Personal information
- Full name: Lindsay Marc Rose
- Date of birth: 8 February 1992 (age 34)
- Place of birth: Rennes, France
- Height: 1.84 m (6 ft 0 in)
- Positions: Centre back; right back;

Team information
- Current team: Sepsi OSK
- Number: 31

Youth career
- 1998–2000: CPB Rennes
- 2000–2008: Rennes
- 2008–2010: Laval

Senior career*
- Years: Team / Apps / (Gls)
- 2010–2013: Laval / 69 / (3)
- 2013–2014: Valenciennes / 24 / (1)
- 2014–2016: Lyon / 16 / (0)
- 2014–2015: Lyon B / 5 / (0)
- 2016: → Lorient (loan) / 10 / (0)
- 2016–2019: Lorient / 27 / (5)
- 2016–2019: Lorient B / 6 / (0)
- 2017: → Bastia (loan) / 9 / (0)
- 2019: → Aris (loan) / 13 / (2)
- 2019–2021: Aris / 68 / (5)
- 2021–2024: Legia Warsaw / 37 / (1)
- 2021–2023: Legia Warsaw II / 10 / (0)
- 2024–2026: Aris / 44 / (0)
- 2026–: Sepsi OSK / 5 / (1)

International career^{‡}
- 2008: Mauritius U17
- 2010: France U18 / 8 / (1)
- 2010–2011: France U19 / 10 / (1)
- 2011–2013: France U20 / 10 / (0)
- 2013–2014: France U21 / 4 / (1)
- 2018–: Mauritius / 29 / (2)

= Lindsay Rose =

Footballer (born 1992)

Lindsay Marc Rose (born 8 February 1992) is a professional footballer who plays as a centre back or a right back for Liga I club Sepsi OSK. Born in France, he plays for the Mauritius national team, which he captains.

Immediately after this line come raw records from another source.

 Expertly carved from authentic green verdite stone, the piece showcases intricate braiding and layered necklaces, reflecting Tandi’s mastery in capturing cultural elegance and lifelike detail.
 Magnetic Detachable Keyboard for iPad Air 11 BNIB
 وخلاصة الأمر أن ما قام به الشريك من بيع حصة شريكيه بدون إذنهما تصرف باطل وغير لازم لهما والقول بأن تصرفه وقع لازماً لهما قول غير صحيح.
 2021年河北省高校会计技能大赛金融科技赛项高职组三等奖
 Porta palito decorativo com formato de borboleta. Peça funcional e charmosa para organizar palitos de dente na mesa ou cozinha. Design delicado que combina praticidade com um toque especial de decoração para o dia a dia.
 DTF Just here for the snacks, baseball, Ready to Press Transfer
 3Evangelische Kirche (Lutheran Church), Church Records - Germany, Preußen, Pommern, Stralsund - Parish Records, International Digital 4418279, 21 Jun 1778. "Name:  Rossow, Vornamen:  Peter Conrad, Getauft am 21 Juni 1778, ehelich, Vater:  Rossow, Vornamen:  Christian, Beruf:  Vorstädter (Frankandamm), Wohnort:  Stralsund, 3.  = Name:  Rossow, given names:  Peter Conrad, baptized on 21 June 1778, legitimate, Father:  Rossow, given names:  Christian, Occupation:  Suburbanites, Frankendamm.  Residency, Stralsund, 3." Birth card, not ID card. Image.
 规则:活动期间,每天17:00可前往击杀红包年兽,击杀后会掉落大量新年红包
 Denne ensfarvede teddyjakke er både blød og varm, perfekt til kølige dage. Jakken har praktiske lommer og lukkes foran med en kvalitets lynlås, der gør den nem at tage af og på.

He was a France youth international and previously played at under-18 and under-19 level.

==Club career==

===Youth career and Laval===
Rose began his career in 1998 with hometown club CPB Rennes. After training there for three years, he moved to professional club Rennes. After spending nine years in the club's academy, Rose was released without Rennes offering him a professional contract. Soon after, he signed on with Ligue 2 club Laval, appearing for the club's reserve team in the Championnat de France amateur 2 numerous times.

Rose made his professional debut on 9 April 2010 in a league match against Châteauroux. On 21 May 2010, Rose signed his first professional contract agreeing to a three-year deal with Laval.

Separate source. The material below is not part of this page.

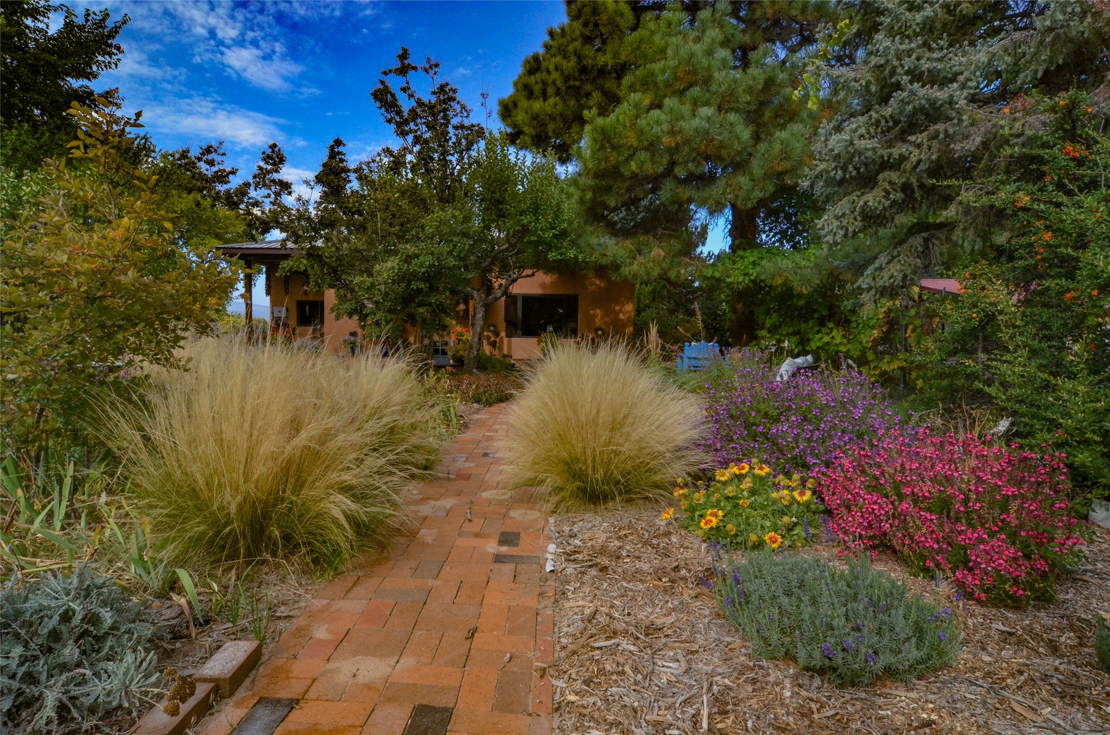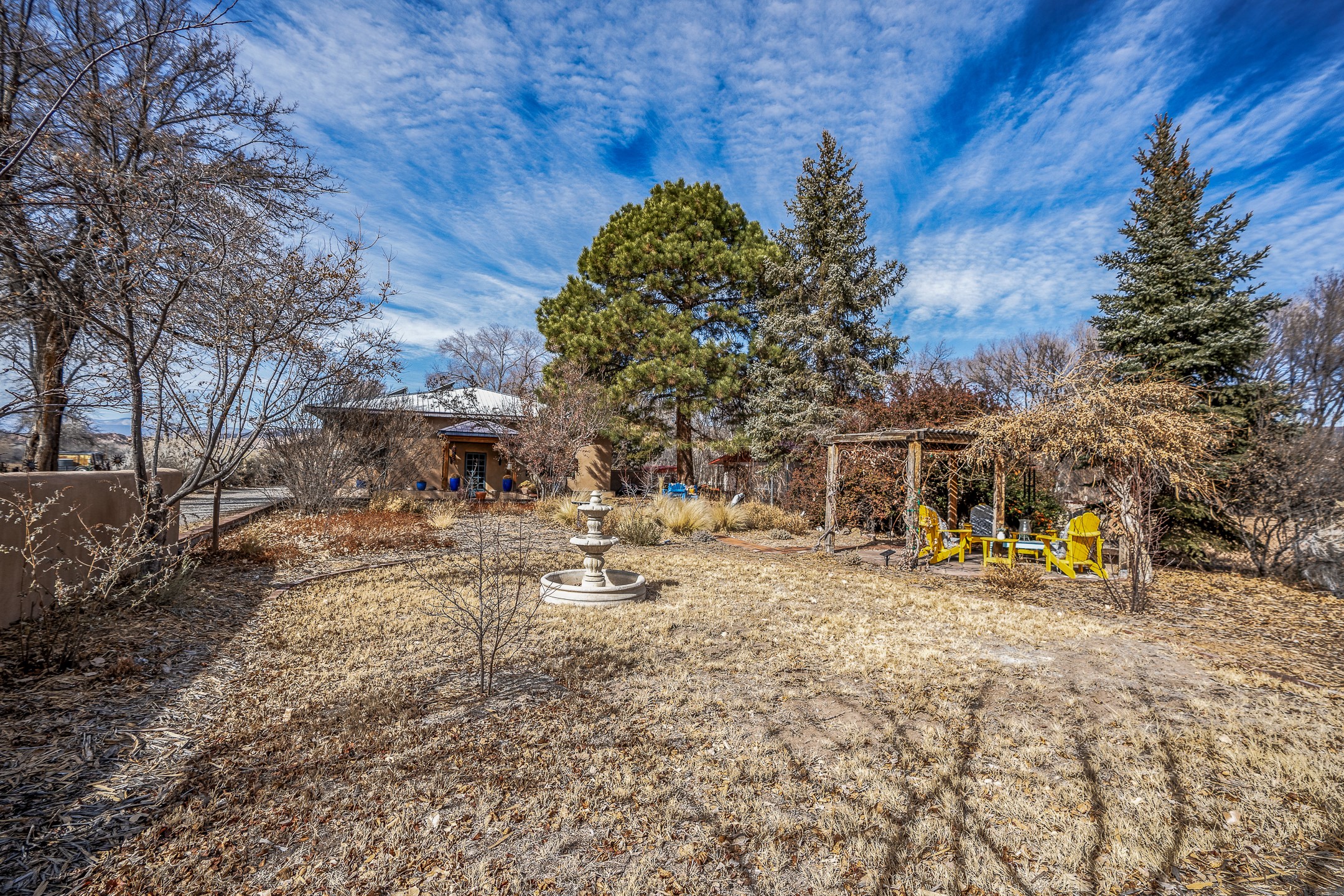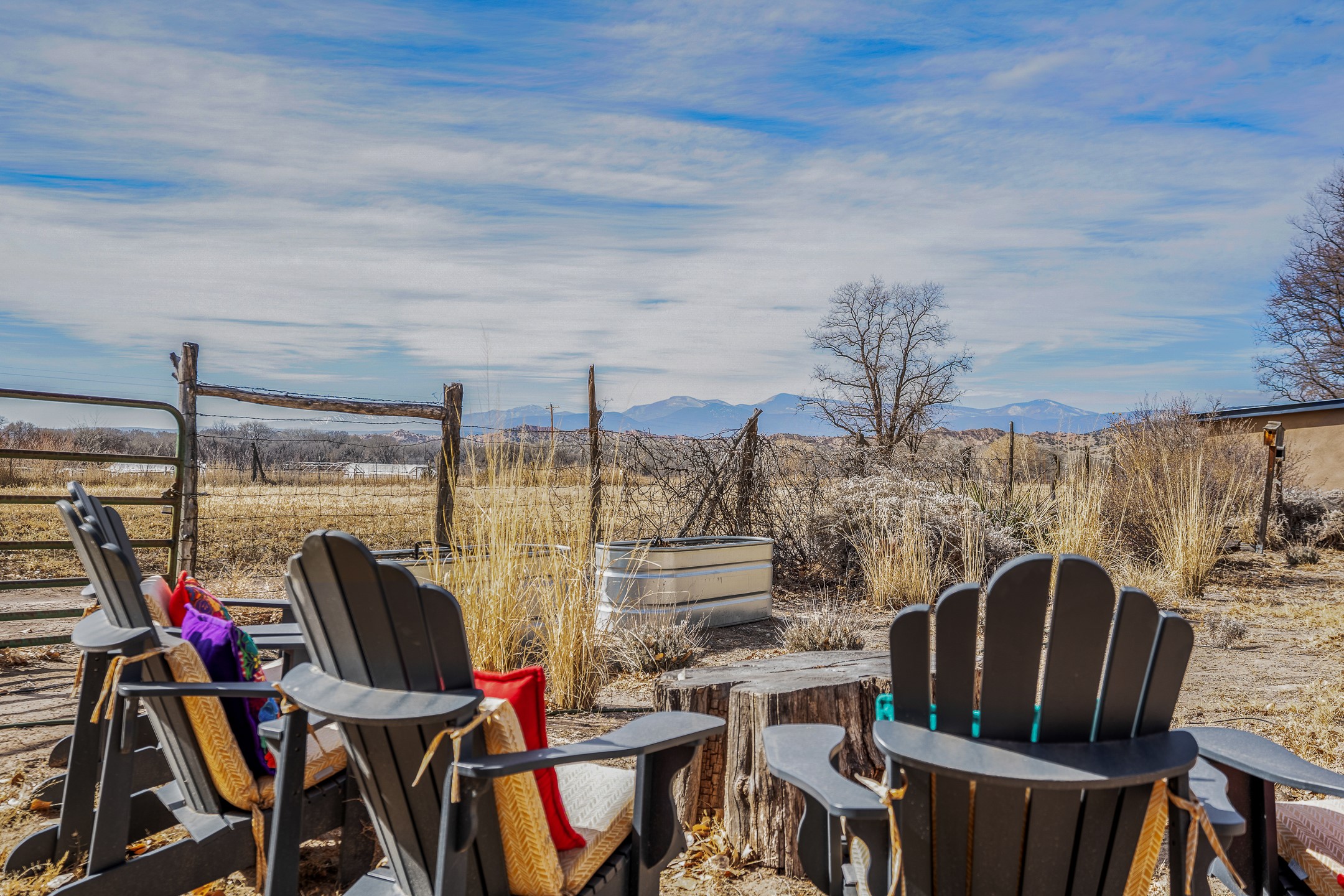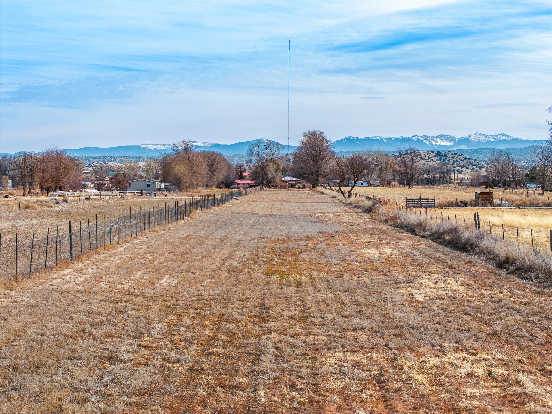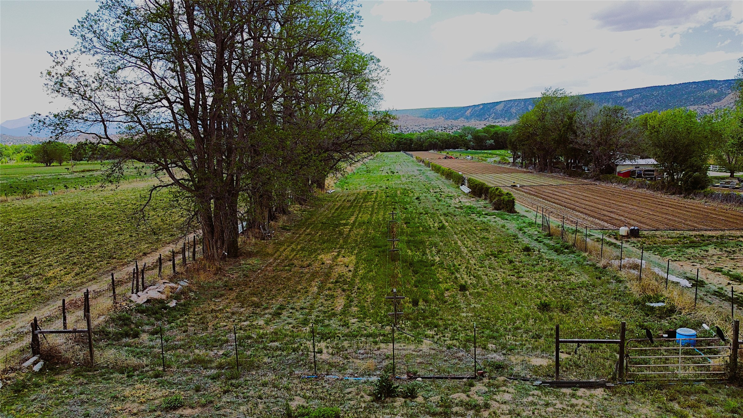 Charming, yet elegant, Alcalde adobe compound just steps from the Rio Grande Bosque. Experience refined farm living in this meticulously restored northern New Mexico property, which includes a main house, detached casita, and artist studio with a 3-car garage on 4.2 acres--2 acres of which are arable farmland. The acreage stretches from the Acequia de Alcalde to the Rio Grande Bosque and offers sweeping 180-degree views of the Jemez Mountains, Black Mesa, and the RG Bosque. The 3-bedroom, 2-bath adobe main house dates back to the early 1900s but has undergone thoughtful renovations and system upgrades in 2004 and again between 2022 and 2025. Finishes include vigas, coved ceilings, tile, brick, and wood floors, plus new high-end appliances in the kitchen and laundry. Equally charming is the 1-BD, 1-BA detached casita--perfect for guests or rental income. The double-adobe casita, the oldest structure on the property, was completely reimagined in 2024 and features custom tile work, a functional kitchenette, a new mini-split for heating and cooling, a screened-in porch, and front-row views of the Bosque. The property also includes a 3-car detached garage with an attached artist studio, making this property truly the complete package. The approximately 500 sq. ft. studio is heated and cooled by a mini-split and serves as an ideal space to create--or would serve as a great workshop. The grounds near the residences are landscaped with native grasses, flowers, a variety of fruit trees, and are watered by an 8-zone automated drip irrigation system. Water fountains grace both the front and back of the main house for added ambiance. Additional features include a private well, net-metered solar panels on the main house, and 3-acre feet of acequia water rights. Whether you're seeking an agricultural dream or a lush, retreat from city life, this property offers tranquility and the splendor of northern New Mexico--just 35 minutes from downtown Santa Fe.

===Valenciennes and Lyon===
On 17 July 2014, after a season-and-a-half at Ligue 1 side Valenciennes, he signed a four-year deal with Olympique Lyonnais prior to the 2014–15 season.

=== Aris ===
On 24 January 2019, Rose joined Aris on a six-month loan deal from Lorient. On 3 March 2019, he scored his first goal for the club, sealing a 2–0 home win against AEK Athens, in the battle for a Europa League ticket. On 31 March 2019, he scored equalizing the score in an eventual 3–1 home win against OFI.

On 29 June 2019, Aris announced the signing of Rose on a three-year contract. On 2 November 2019, he scored with an excellent finesse shot in a 1–1 away draw against Panionios.

On 4 January 2020, he scored with a close range header, in a massive 4–2 home win against PAOK, at the Derby of Thessaloniki. Fifteen days later, he scored in a disappointing 4–2 away loss against Olympiacos.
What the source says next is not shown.